** Opening Dataset content block **
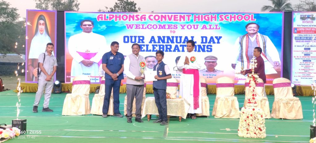 సాక్షి డిజిటల్ న్యూస్, జనవరి 25, రామకృష్ణాపూర్: విద్యార్థులు తమ పాఠశాల స్థాయి నుండే వినయ విధేయతలు కలిగి ఉండాలని, విజ్ఞత తో కూడిన విద్యను అవలంబిస్తూ పాఠశాలకు, తల్లితండ్రులకు మంచి పేరు తీసుకురావాలని కార్మిక ఉపాధి శాఖ మంత్రి గడ్డం వివేక్ వెంకటస్వామి అన్నారు. శనివారం రామకృష్ణాపూర్ పట్టణంలోని బిఎల్ అల్ఫో న్సా పాఠశాల వార్షికోత్సవ కార్యక్రమానికి ముఖ్య అతిథులుగా మంత్రి గడ్డం వివేక్ వెంకటస్వామి హాజరయ్యారు.ముఖ్య అతిథులుగా జోషప్ తచాపరంభాత్, బినోయ్ మ్యాథ్యూ , ఎంఈఓ రమేష్ రాథోడ్, సిస్టర్ నోబుల్ లు హాజరవ్వగా పాఠశాల హెడ్ మిస్ట్రెస్ బ్లేస్సి సాధారణంగా ఆహ్వానించారు. ఈ సందర్భంగా వివేక్ మాట్లాడారు. ఆల్ఫోన్స లాంటి పాఠశాల రామకృష్ణాపూర్ పట్టణంలో ఉండడం ఈ ప్రాంత ప్రజలకు ఒక వరం అని అన్నారు. విద్యార్థులు చిన్నతనం నుండే జీవిత లక్ష్యాలను ఏర్పరచుకొని వాటిని సాధించే దిశలో కష్టపడాలని సూచించారు.ఉపాధ్యాయులు విద్యార్థులను మందలించి నపుడు తల్లిదండ్రులు విజ్ఞతతో మెలగాలని తెలిపారు. పాఠశాలలో ఉత్తమ ప్రతిభ కనబరిచిన విద్యార్థులకు మెమొంటోలు అందజేశారు. వార్షికోత్సవ కార్యక్రమంలో విద్యార్థులు కనబర్చిన సాంస్కృతిక కార్యక్రమాలు పాఠశాలకు వచ్చిన తల్లిదండ్రులను అబ్బురపరచాయి. పాఠశాలలో ప్రతీ రోజూ,ప్రతీ కార్యక్రమంలో నిర్వహించే అంశాలను వీడియో ఆల్బమ్ రూపంలో చక్కగా చూపించారు. ఈ కార్యక్రమంలో పాఠశాల విద్యార్థులు తల్లిదండ్రులు ముఖ్య అతిథులు పెద్ద ఎత్తున పాల్గొన్నారు.
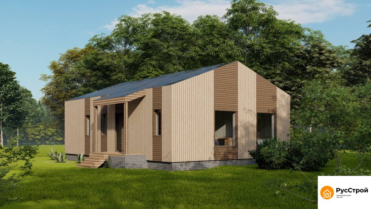 Дом каркасный серии "Барне" — это одноэтажный каркасный дом площадью 80 кв.м с уютной террасой, построенный по современной технологии. Габариты 11 x 9 м обеспечивают просторную планировку и возможность создания комфортного жилого пространства.
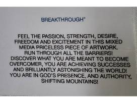 Breakthrough: Feel the passion, strength, desire, freedom and excitement in this mixed media priceless piece of artwork. Run through all the barriers! Discover what you are meant to become. Overcomer you are achieving successes and brilliantly astonishing the world. You are in God's presence, and authority, shifting mountains.
** Closing Dataset content block **
* _What this task involves_
Beginning with the line that holds "Дом каркасный серии", output each line to the end of the material above, exactly, omitting the pictures.

* _Answer to the exercise_
 Дом каркасный серии "Барне" — это одноэтажный каркасный дом площадью 80 кв.м с уютной террасой, построенный по современной технологии. Габариты 11 x 9 м обеспечивают просторную планировку и возможность создания комфортного жилого пространства.
 Breakthrough: Feel the passion, strength, desire, freedom and excitement in this mixed media priceless piece of artwork. Run through all the barriers! Discover what you are meant to become. Overcomer you are achieving successes and brilliantly astonishing the world. You are in God's presence, and authority, shifting mountains.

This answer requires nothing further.